(Arrahmah.com) – Tanggal 23 Juli ditetapkan sebagai Hari Anak Nasional (HAN) sesuai keputusan Presiden Republik Indonesia Nomor 44 Tahun 1984, sebagai upaya menjamin pemenuhan hak anak atas kelangsungan hidup, tumbuh dan berkembang serta terlindungi dari kekerasan dan diskriminasi.
Untuk pelaksanaan kegiatan Hari Anak Nasional tahun ini mengambil tema “Bersatu Mewujudkan Indonesia Ramah Anak” dan Sub Temanya adalah “Saya Anak Indonesia Beriman, Jujur, Cerdas, Sehat, Berakhlak Mulia dan Berprestasi” dengan kepanitiannya diketuai oleh Kementrian Agama.
Bicara hari anak selalu dikaitkan dengan Konvensi Hak Anak (KHA) dan UU No. 23 tahun 2002 Tentang Perlindungan Anak. Di dalam salah satu pasal KHA yaitu pasal 12 ayat 1 dan pasal 10 UU No. 23 tahun 2002, secara lugas memberi ruang bagi anak atas nama “Hak Partisipasi Anak”, untuk didengar pendapatnya, menerima, mencari dan memberikan informasi sesuai dengan tingkat usia dan kecerdasannya dengan kebebasan.
Anak di arahkan untuk menuntut kebebasan berpendapat, menuntut pemenuhan kebutuhannya dengan sudut pandang manusia semata tanpa menggunakan agama sebagai sudut pandang kehidupan. Meskipun di dalam pasal 10 UU No. 23 / 2002 tersebut di ‘embel-embeli‘ dengan kata “sesuai dengan nilai-nilai kesusilaan dan kepatutan”, tetap saja hal ini tidak menunjukkan bahwa parameternya adalah agama. Lagipula nilai-nilai kesusilaan dan kepatutan itu tidak jelas ukurannya.
Selintas bagi orang awam, pasal-pasal tersebut memang bagus karena merupakan penghargaan bagi pandangan anak. Tetapi jika kita perhatikan, landasan kebebasan ini justru berbahaya karena suara manusia yang dijadikan penentu baik dan buruk sesuatu. Sedangkan kita pasti sangat tahu, bahwa ketika manusia itu menetapkan baik buruk, standar yang dipakai pastinya asas manfaat.

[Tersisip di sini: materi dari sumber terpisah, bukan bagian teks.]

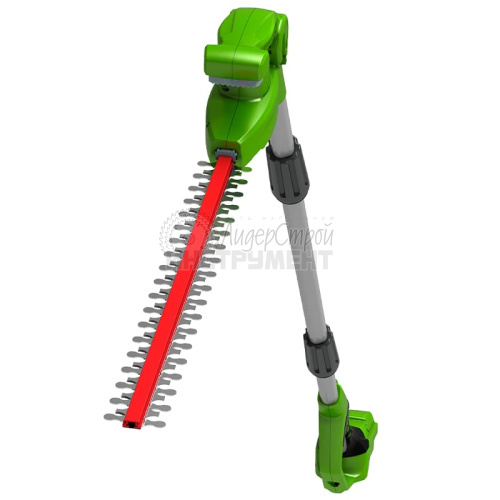 Рукоятка имеет прорезиненное покрытие, а также способна поворачиваться на 180° для простоты и удобства фигурной подрезки. Длина лезвия с алмазной заточкой составляет 57 см., шаг среза равен 18 мм. Этого достаточно для большинства задач. Важным фактором при выборе аккумуляторного кустореза является время автономной работы. В данном случае это устройство может работать до 80 минут от 4 А/ч батареи. Приятным фактором является простота эксплуатации такого устройства - вам не придется таскать за собой шнур и быть привязным к розетке, а так же вам не нужно заботиться о замене свечей или фильтров с маслом, смешивать бензин с маслом при использовании бензиновой техники. Еще одним преимуществом аккумуляторной техники является малый уровень шума и вибрации, а также отсутствие вредных выхлопов.
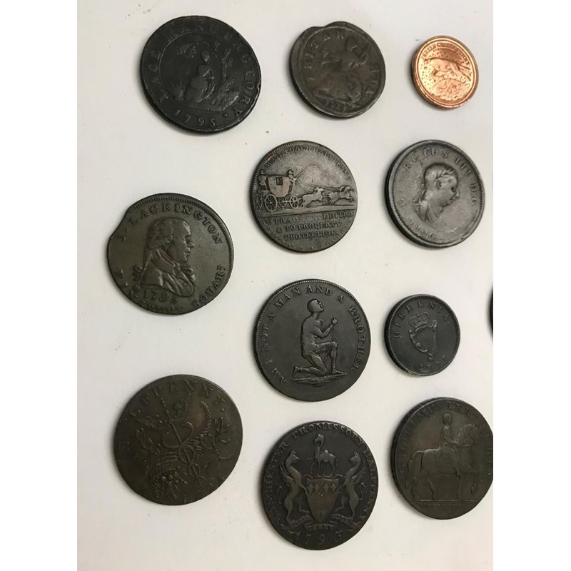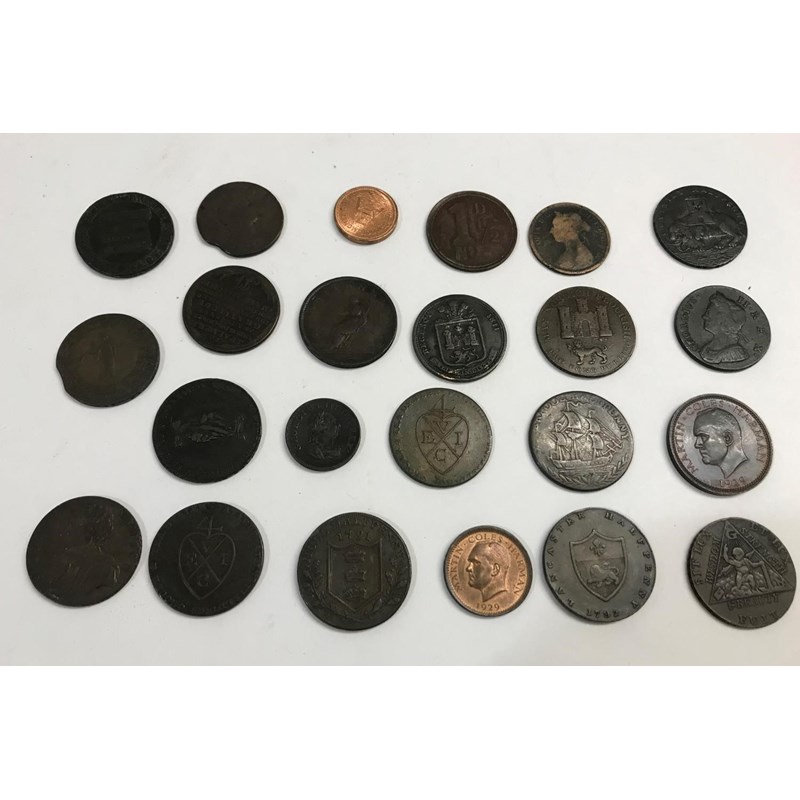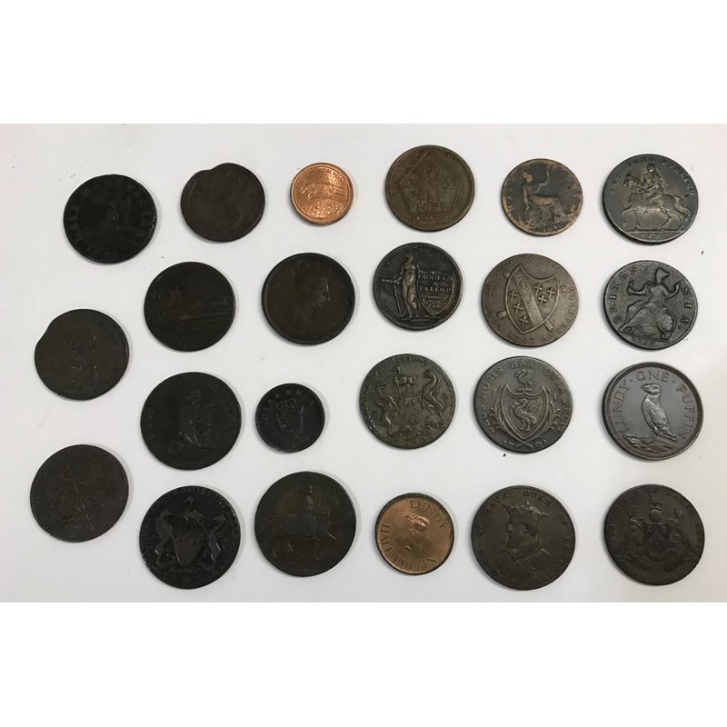 A small collection of tokens to include an 'Am I not a Man and a Brother' token, A Liverpool Halfpenny 1791, Two Lundy coins and others. 23 coins.

Jika sesuatu itu bermanfaat bagi dirinya maka disebut “baik”, jika sebaliknya maka disebut “buruk”. Lagipula, manusia itu kan terbatas, tidak tahu apa yang terbaik buat dirinya dan apa yang buruk buat dirinya, koq malah disuruh menetapkan standar baik dan buruk???! Aneh!
Landasan kebebasan ini membuat anak boleh mengungkapkan pendapatnya tanpa batas. Bisa jadi, seorang anak nanti bilang dia merasa “terbelenggu”, ketika orangtuanya mengharuskan dia menutup aurat. Atau bisa jadi ada orang tua yang dilaporkan karena melarang anaknya terjun di dunia artis dengan alasan banyak kemaksiatan disana. Atau ketika orang tua melarang anaknya pacaran karena dilarang agama, malah dianggap melanggar HAM, dan lain sebagainya. Jika demikian, apa jadinya anak-anak kita kelak? Tentunya sangat jauh dari sub tema hari anak tahun ini.
Seharusnya, sudut pandang (cara berpikir) anak dan remaja Indonesia dibangun secara benar yakni dengan menjadikan aqidah dan hukum syara’ sebagai acuan berpikir. Dan bagi seorang muslim, ketika dia berbicara, berpendapat dan berperilaku sudah seharusnya mengikatkan diri kepada nash-nash al-Qur’an dan as-Sunnah dalam menentukan suatu perbuatan itu khoir – syaar (baik buruk) dan Hasan–Qabih (terpuji – tercela).
Jadi, Islam tidak melarang umatnya berpendapat. Islam tetap memberi ruang dalam mengeluarkan pendapat/pemikiran selama tidak bertentangan dengan nash syara’, bahkan Islam menuntut setiap muslim untuk berani menyampaikan kebenaran kepada siapa pun sekalipun satu ayat dan diberi imbalan pahala. So, masih ragukah dengan Islam?!